Sebab, mekanisme HP-3 dinilai telah mengurangi hak penguasaan negara atas pengelolaan wilayah pesisir dan pulau-pulau kecil. Oleh karena itu, Fadli melanjutkan, pemerintah menerbitkan UU No 1/2014 tentang Perubahan atas UU No 27/2007.

Dalam Pasal 26A yang disisipkan antara Pasal 26 dan Pasal 27 disebutkan pemanfaatan pulau-pulau kecil dan pemanfaatan perairan di sekitarnya dalam rangka penanaman modal asing (PMA) harus mendapat izin menteri. Selain itu, PMA harus mengutamakan kepentingan nasional serta memperoleh rekomendasi dari bupati/wali kota.

Tidak hanya itu, izin juga harus memenuhi sejumlah syarat, seperti badan hukum berbentuk perseroan terbatas hingga menjamin akses publik.

"Jadi, rencana pemerintah memberikan hak pengelolaan pulau kepada asing, bahkan mengiming-imingi mereka untuk memberikan nama, bisa menabrak undang-undang. Apalagi, karena kita merupakan negara maritim, pemanfaatan pulau-pulau kecil harus memperhatikan fungsi pertahanan, keamanan, dan kedaulatan Negara Republik Indonesia," kata Fadli menjelaskan.

Guru Besar Hukum Internasional Universitas Indonesia Hikmahanto Juwana menilai, rencana pemerintah membuka kesempatan bagi pihak asing untuk mengelola pulau di Indonesia tidak bermasalah. Menurut dia, hal tersebut tidak melanggar kedaulatan karena yang disewakan bukan pulau tersebut secara utuh, melainkan hak atas tanah.

"Sebetulnya prinsipnya boleh, cuma kan perlu pengaturan, karena yang dijual itu bukan fisik pulaunya," kata Hikmahanto kepada Republika. Ia menegaskan, sepanjang pengelolaan bukan dialihkan wilayahnya, hal tersebut tidak bertentangan dengan UU. Ia mencontohkan, layaknya bisnis jual beli tanah, tetapi negara tetap memiliki kuasa penuh.

"Ini kan hak atas tanah seperti kita punya sertifikat hak milik dan sebagainya.  Jadi gak ada masalah," ujar Hikmahanto.

Soal penamaan pulau, dia mengusulkan, sebaiknya Pemerintah Indonesia yang menamai meski ada pihak asing nantinya yang menyewa. Ia memahami jika dengan persetujuan pemerintah, para investor boleh memberi nama, tetapi untuk sebuah identitas, lebih tepatnya bernuansa lokal.
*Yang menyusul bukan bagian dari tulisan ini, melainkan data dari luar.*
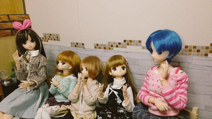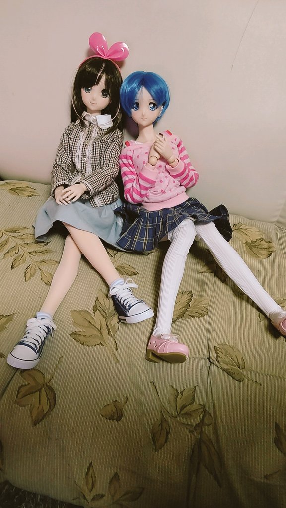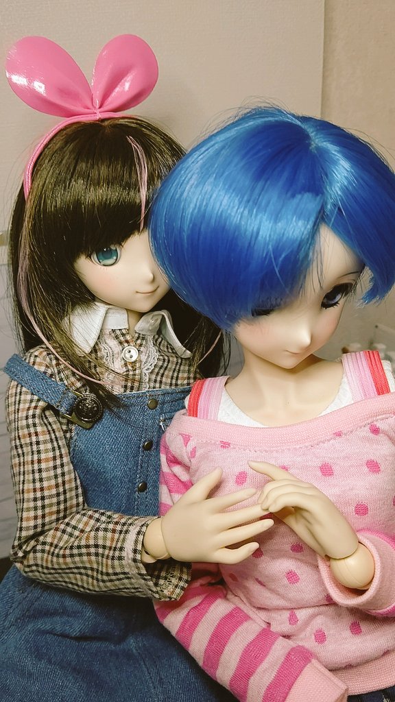 #今夜のドール撮影120分一本勝負 【よりそう】 我が家の子達は、寄り添って座るのが好きみたい(๑♡∀♡๑) #うちのこかわいい #MDDレナ #ドルチェドール #あーすりっ娘 #DDSセーラーマーキュリー #DDSキズナアイ

"Sebagai identitas. Apakah itu, pemerintah daerah, atau masyarakat di daerah yang memberi nama. Jangan dari pihak asing yang buat," kata Hikmahanto.

Wacana pengelolaan pulau oleh negara asing disertai pemberian nama mencuat pada Senin (9/1) malam. Menteri Koordinator Bidang Kemaritiman Luhut Binsar Pandjaitan menyampaikan rencana itu, terkait permintaan beberapa negara asing untuk mengelola pulau di Indonesia.

Menurut dia, tidak menjadi sebuah masalah apabila pihak asing mengelola atau memberi nama suatu pulau. Ia menganalogikan hal tersebut selayaknya suatu restoran, yang diberi nama sesuai keinginan pengelolanya.

Rencana ini dapat dilakukan, mengingat masih ada sekitar 4.000 pulau di Indonesia yang belum dikelola pemerintah. Dengan dikelola negara asing, diharapkan bisa meningkatkan perekonomian masyarakat setempat.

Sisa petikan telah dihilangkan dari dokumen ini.